EXHIBIT 10.1
SECOND AMENDMENT OF LEASE
THIS SECOND AMENDMENT OF LEASE ("Second Amendment") is made this 3rd
day of October, 2003, by and between PLAZA IV ASSOCIATES, LTD., ("Landlord"),
and LIQUIDMETAL TECHNOLOGIES, INC., ("Tenant"), and amends the Lease Agreement
("Lease Agreement") dated October 4, 2001, likewise by and between them, as that
Lease Agreement was earlier amended by the Amendment of Lease ("First
Amendment") dated May 7, 2002, likewise by and between them, said Lease
Agreement and First Amendment being collectively referred to in this Second
Amendment as "the Lease." For good and valuable considerations, the receipt and
adequacy of which are hereby mutually and respectively acknowledged by them,
Landlord and Tenant hereby covenant, contract, acknowledge and agree as follows:
1. Unless otherwise provided in this Second Amendment,
the capitalized terms used in this Second Amendment shall have the same meanings
as those ascribed to them in the Lease.
The Lease, as amended by this Second Amendment, shall be known
in this Second Amendment as "the Second Amended Lease."
Landlord's notice address is now:
Plaza IV Associates, Ltd.
A Florida Limited Partnership
Suite 2135
000 Xxxxx Xxxxx Xxxxxx
Xxxxx, XX 00000
Landlord's payment address is now:
Plaza IV Associates, Ltd.
XX Xxx 000000
Xxxxx, XX 00000-0000
This Second Amendment has been thoroughly negotiated by the
parties and each has been instrumental in its preparation.

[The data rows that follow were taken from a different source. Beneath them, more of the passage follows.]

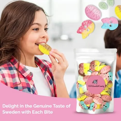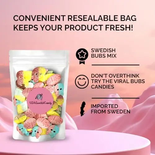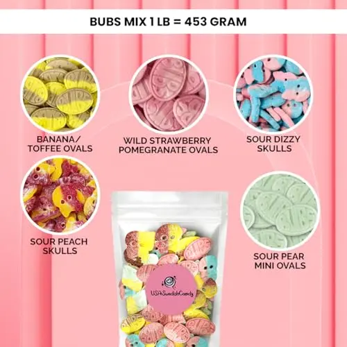 Bubs Candy Mix – Authentic Swedish Treats 🇸🇪 – Enjoy 1 pound of delicious Bubs candy straight from Sweden! Each bag is packed with a fun assortment of sweet and sour gummies in playful shapes like big ovals and skulls for a unique candy experience.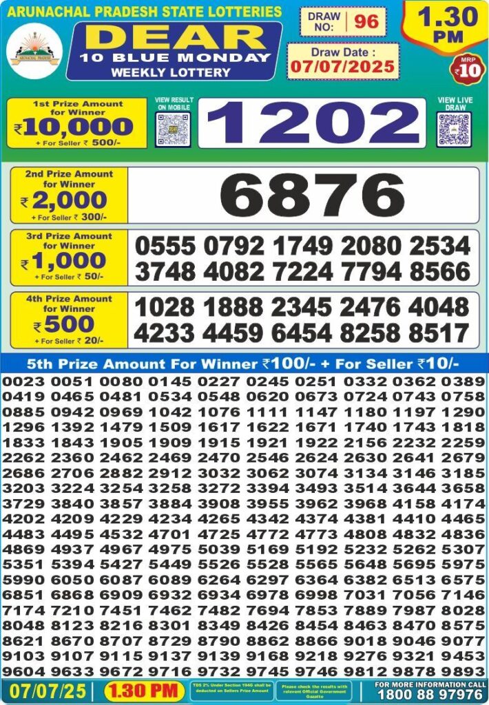 RESULT OF DEAR (07-07-2025 AT 1.30PM) M.R.P:-10₹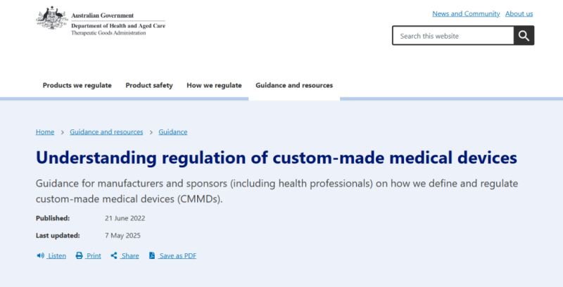 近日,澳大利亞TGA發布Understanding regulation of custom-made medical devices,從定制醫療器械的定義、法規概述、書面聲明、記錄保存要求、年報、廣告規則、不良事件報告、檢查和審查等方面分別進行了詳細闡述,旨在為制造商和申辦方(包括衛生專業人員)提供關于TGA如何定義和監管定制醫療器械的指南。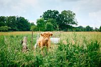 Met trotse kalmte staat het hoogland rund aan de rand van zijn weiland, zijn vacht licht geruwd door de wind, zijn machtige horens geven waardigheid en kracht aan. Het kijkt recht in de camera - kalm, alert en toch met een zachtheid die ontroerend is. Achter hem strekt zich een vredig, weids landschap uit: glooiende heuvels, verspreide bomen en een lucht die een bijna meditatieve kalmte uitstraalt in zijn stille licht.
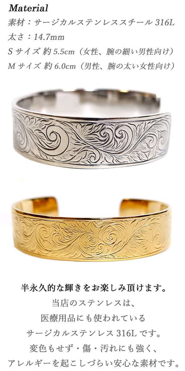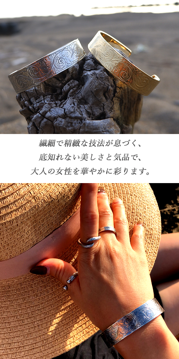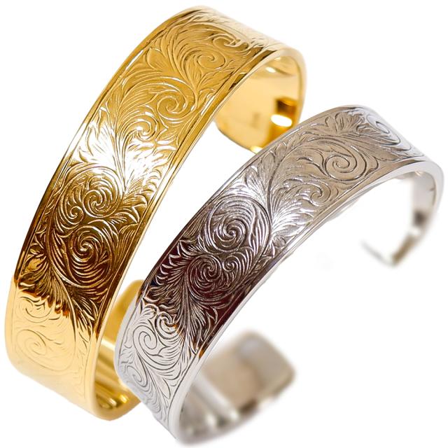 ハワイアンジュエリー 太め バングル スクロール 波 レディース メンズ 金属アレルギー対応 サージカル ステンレス プレゼント ラッピング対応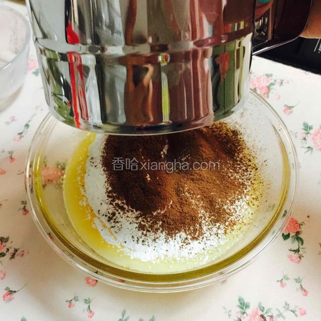 4.筛入低筋面粉、可可粉(也可以加入1-2g泡打粉)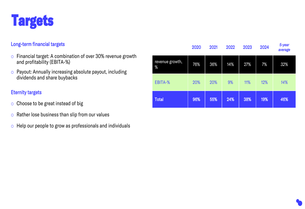 Long-term, Inderes maintains ambitious targets, aiming for a combined revenue growth and profitability (EBITA-%) of over 30%. The company has historically exceeded this target with a five-year average of 46%, though recent performance has been more modest.

Therefore, its terms
and provisions shall be construed neither in favor of, nor against, either party
under the rule of construction against the draftsperson. The laws of the State
of Florida shall govern the enforcement and interpretation of this Second
Amendment.
As required by F.S. 404.056(8), Landlord hereby notifies
Tenant as follows: "RADON GAS: Radon is a naturally occurring radioactive gas
that, when it has accumulated in a building in sufficient quantities, may
present health risks to persons who are exposed to it over time. Levels of radon
gas that exceed federal and state guidelines have been found in buildings in
Florida. Additional information regarding radon and radon testing may be
obtained from your county public health unit."

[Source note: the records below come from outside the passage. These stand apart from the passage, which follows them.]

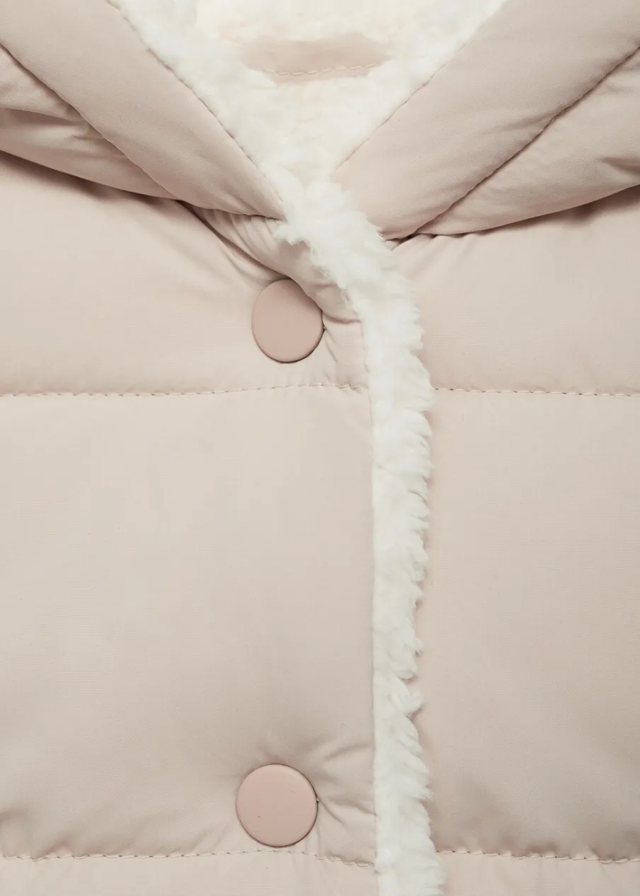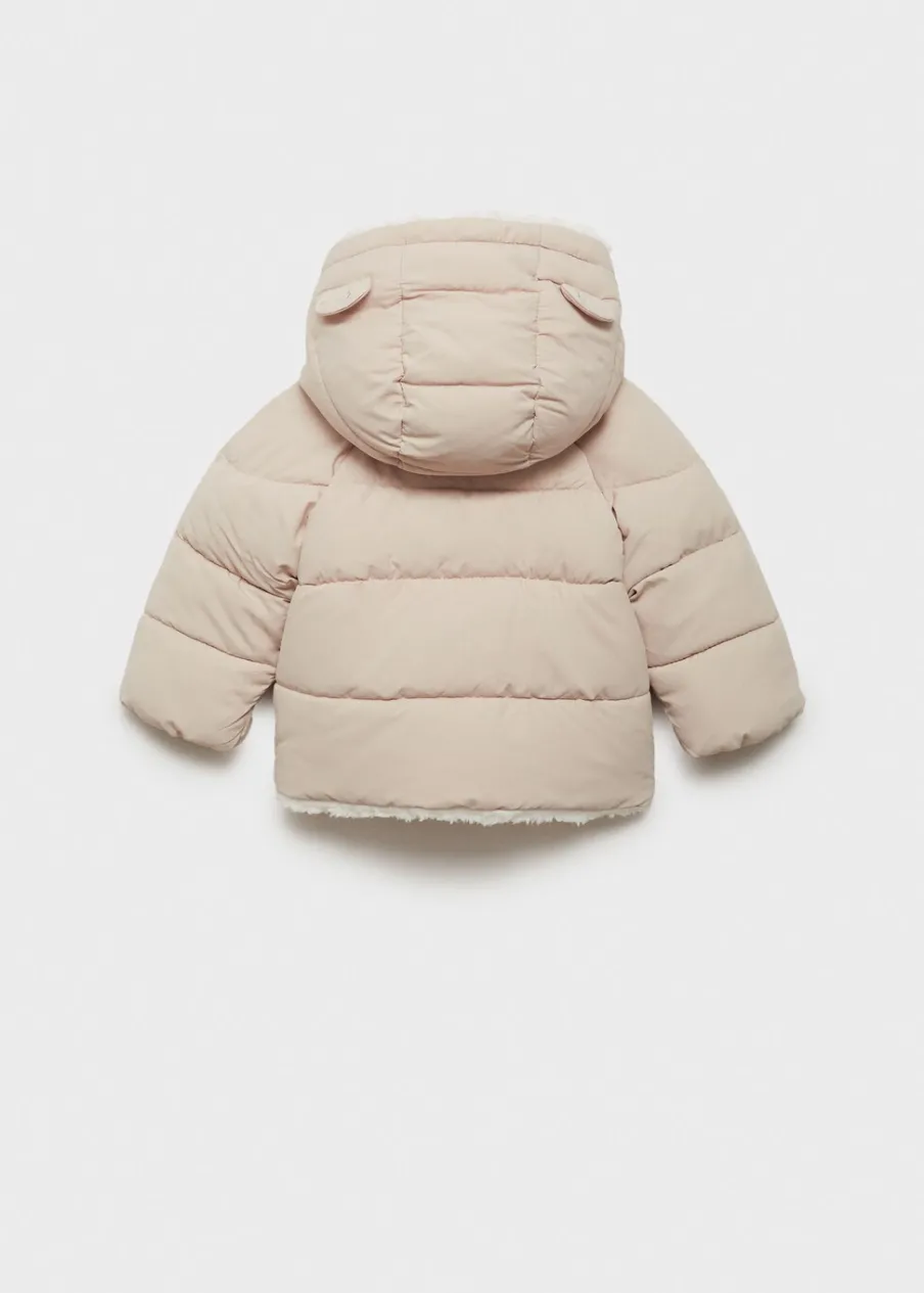 Model pikowany. Model prosty. Długi rękaw. Kaptur z uszkami. Etykieta na dane kontaktowe. Dwie kieszenie na guzik z tyłu. Zapięcie na zatrzaski z przodu. Kurtka puchowa podszyta futerkiem.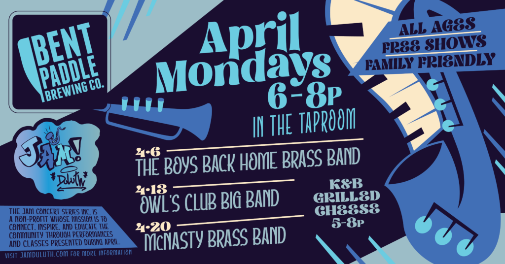 Happy Jazz Appreciation Month. Come to Bent Paddle every Monday in April to experience some of Minnesota’s finest jazz bands! BONUS – Every Monday is Industry Night! Show a worker ID or pay stub for $1 off all Bent Paddle beverages. Everyone is welcome. Come for the tunes, stay for the conversations, delicious beverages, and good times.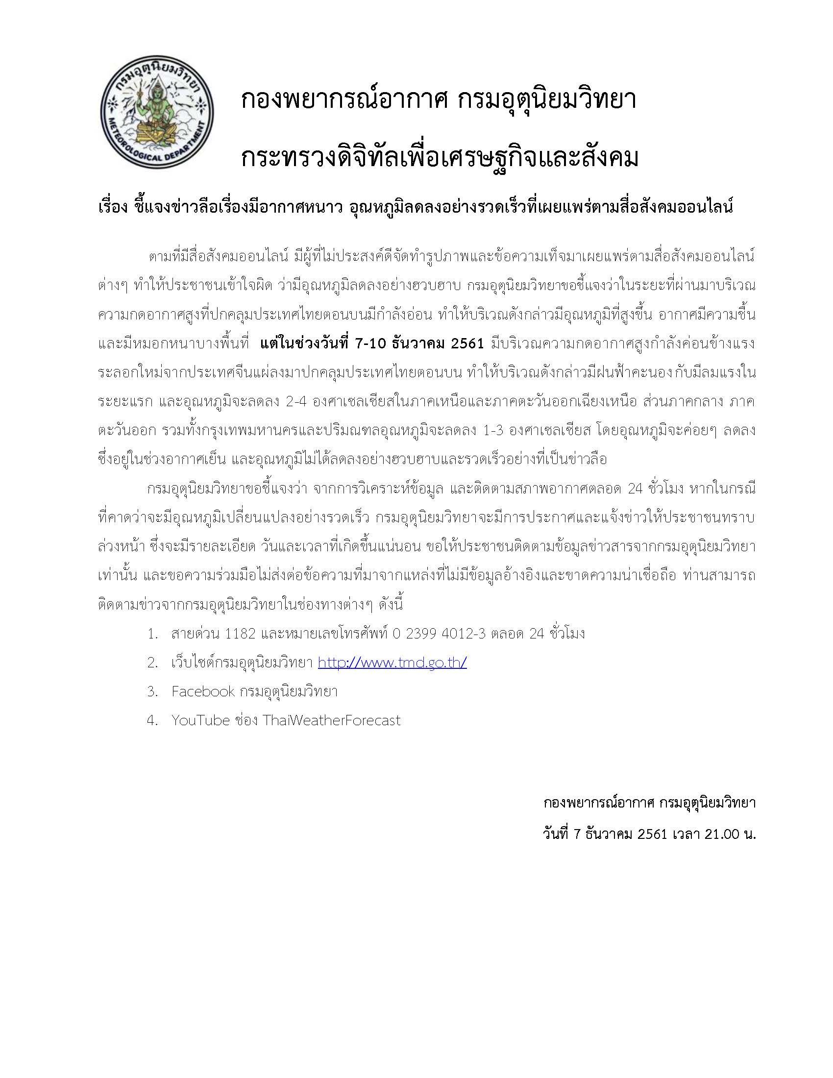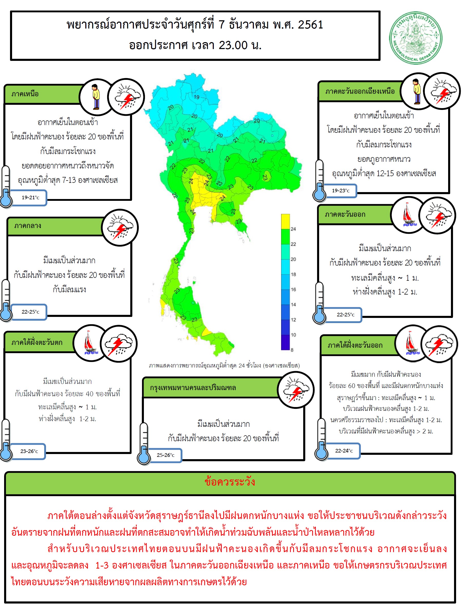 - พยากรณ์อากาศ 24 ชั่วโมงข้างหน้า บริเวณภาคเหนือ ภาคตะวันออกเฉียงเหนือ ภาคกลาง ภาคตะวันออก รวมทั้งกรุงเทพมหานครและปริมณฑลมีฝนฟ้าคะนองเกิดขึ้น ขอให้เกษตรกรบริเวณประเทศไทยตอนบนระวังความเสียหายจากผลผลิตทางการเกษตรไว้ด้วย สำหรับภาคใต้ตอนล่างยังคงมีฝนตกหนักบางแห่ง ขอให้ประชาชนบริเวณดังกล่าวระวังอันตรายจากฝนที่ตกหนักและฝนที่ตกสะสมอาจทำให้เกิดน้ำท่วมฉับพลันและน้ำป่าไหลหลากไว้ด้วย

Tenant hereby agrees that it will not divulge or disclose to
third parties (other than its own attorneys, accountants, auditors and like
professionals having in each instance a bona fide "need to know") the terms,
provisions and conditions of the Second Amended Lease (as may be hereafter
amended or modified). Tenant's breach of said agreement shall constitute a
Default under Item 20 of the Lease Agreement, no curative notice to Tenant from
Landlord being required.
This Second Amendment is expressly contingent upon Landlord
and AmSouth Bank ("AmSouth"; another tenant in the Building) executing by
October 31, 2003, a third amendment of lease ("the AmSouth Third Amendment")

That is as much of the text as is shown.